Prior to 2005, it was perfectly legal to execute individuals for crimes they committed before the age of 18. In Roper v. Simmons, the Supreme Court struck down the death penalty for juveniles on the grounds that it violated the Eighth Amendment's prohibition against cruel and unusual punishment.
1 IN 10
Prisoners executed in the United States have been "volunteers".
Inmates who "volunteer" for the death penalty essentially give up any and all means of appealing their sentence or delaying their execution. While to do this, inmates must be cleared for mental competency, there has been great concern over past "volunteers" and their mental health. Many cite the fact that they would rather die than spend more time in prison. Suicidal tendencies like these would never be indulged with ordinary citizens, once again giving evidence that inmates are treated as subhuman.
THE DEATH PENALTY IS.....
RACIST.
White people make up less than half of the country’s murder victims, but 80% of people given the death penalty were convicted of killing a white person.
A study from the University of Washington showed that jurors were 4.5 times more likely to impose the death sentence if the defendant was Black rather than white.
Across the board, defendants are far more likely to receive the death penalty if the defendant is white. The statistic ranges by county and state. In Harris County, Texas, murderers with white victims were 2.5 times more likely to receive the death penalty. In Delaware, Black defendants with white victims are 7 times more likely to receive the death penalty as opposed to Black defendants with Black victims.
A 2000 study of federal court cases found that white defendants were 50% more likely to be offered a plea bargain than Black defendants, allowing them to avoid the death penalty.
A 2016 study in Louisiana found that killers of white victims were 14 times more likely to be executed than killers of Black victims, and goes up to 30 times more likely when the victim is a white woman.
EXPENSIVE.
Many people assume that implementing the death penalty saves the state money by avoiding the costs that would otherwise accrue by paying to keep someone in prison for life; the exact opposite is true.

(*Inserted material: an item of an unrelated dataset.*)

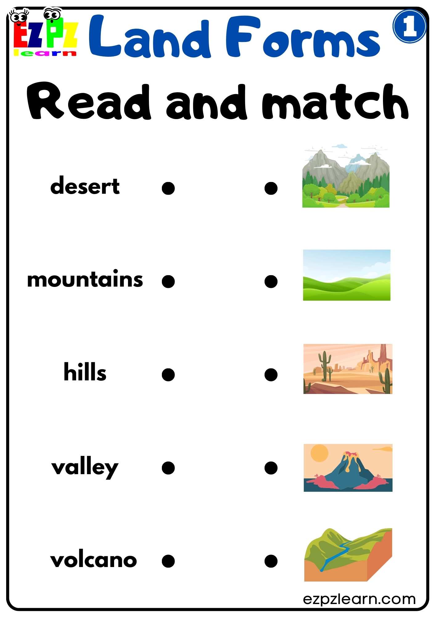 Land and Water Forms Read and Match Activity Free PDF download set 1

American taxpayers have to cover longer trials and the extensive appeals that comes with sentencing someone to death. If a death sentence isn’t eventually overturned through appeals, it is at least put off by them, often for decades. This means that tax dollars are essentially funding extremely cost-inflated life sentence just because the death penalty was an option in a given case.
Most death rows involve solitary confinement in a separate ward, which requires higher security and other costly measures.
Although similar studies have been conducted in several states, a 2008 study by the California Commission on the Fair Administration of Justice sums it up. The system with the death penalty cost $137 million annually and would cost $11.5 million annually without it.
INEFFECTIVE.
There is no proof that the death penalty acts as a deterrent to violent crimes
A Death Penalty Information Center study of 30 years of FBI Uniform Crime Reports found that the south had the consistently highest murder rate, reaching six murders per 100,000 residents as of 2018. The south accounts for more than 80% of all executions nationwide, showing that the death penalty is not a deterrent.
A survey of currents and former presidents of the nation’s top criminological societies found that 88% of participants disagreed that the death penalty acts as a deterrent to murder.
A majority of northeastern states (New York, Vermont, New Hampshire, Maine, Massachusetts, Connecticut, Rhode Island, New Jersey) have abolished the death penalty. The Northeast has the lowest murder rate per capita of all regions as of 2018 at 3.4 murders per 100,000 people.